"Wild Night" is a song written by Northern Irish singer-songwriter Van Morrison and is the opening track on his fifth studio album Tupelo Honey. It was released as a single in 1971 and reached number 28 on the Billboard Hot 100 chart. In 2022, the song peaked at #1 on the radio airplay chart in Canada.

Morrison has continued to perform it in concerts throughout his career and it has been recorded by many artists and bands.

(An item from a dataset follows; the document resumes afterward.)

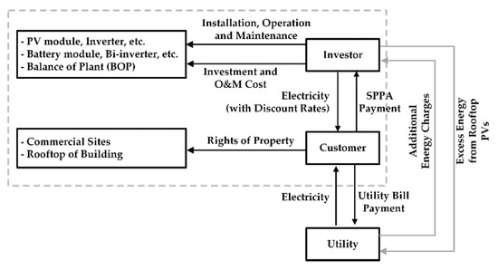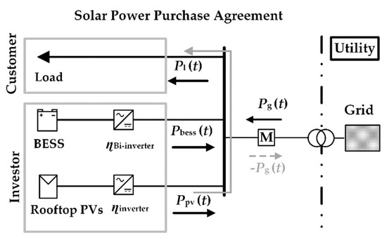 With a significant growth of rooftop photovoltaic systems (PVs) under the behind-the-meter scheme (BTMS), several investors have adopted and developed many business models of rooftop PVs [1,2]. The business models can be categorized into four groups of (1) community-owned solar; (2) solar power purchase agreement (SPPA); (3) solar leasing agreement; and (4) roof rental agreement [3]. The SPPA is one of the most attractive models where the investors act as a third party to directly sell electricity from their rooftop PVs to the customers at a lower rate than the utility’s retail rate [4,5]. The proposed rates of the SPPA are generally divided into the two options of a fixed rate and a discount on the utility’s retail rate [6]. The discount rate option is more practical and convenient for applying with a time-of-use (TOU) tariff with demand charges, which was considered in this paper. The customers under the SPPA can reduce their electricity charges without any performance risk, capital investment, or operating expenses. The challenge for all investors is the competitive discount rates on the TOU tariff with demand charges that can propose to the customers. The benefit to the customers and investors will increase if the reverse power flow injected to the utility’s grid is available.

A new version recorded by John Mellencamp and Meshell Ndegeocello in 1994 peaked at number three on the Billboard Hot 100 in the summer of that year and reached number one in Canada for three weeks.

Recording and composition
"Wild Night" was first recorded during a session with Lewis Merenstein as producer at Warners Publishing Studio in New York City in autumn 1968. The version released on Tupelo Honey was recorded in spring 1971 at Wally Heider Studios in San Francisco with Ted Templeman as producer.

Reception
Tom Maginnis in Allmusic describes it as: "an effusive three and a half minutes of Stax-inspired R&B, buoyed by a sweet guitar lick from Ronnie Montrose of such quality that would make Steve Cropper proud."  Cash Box described the song as an "intriguing self penned composition," praising the "electrifying vocal and musical performance"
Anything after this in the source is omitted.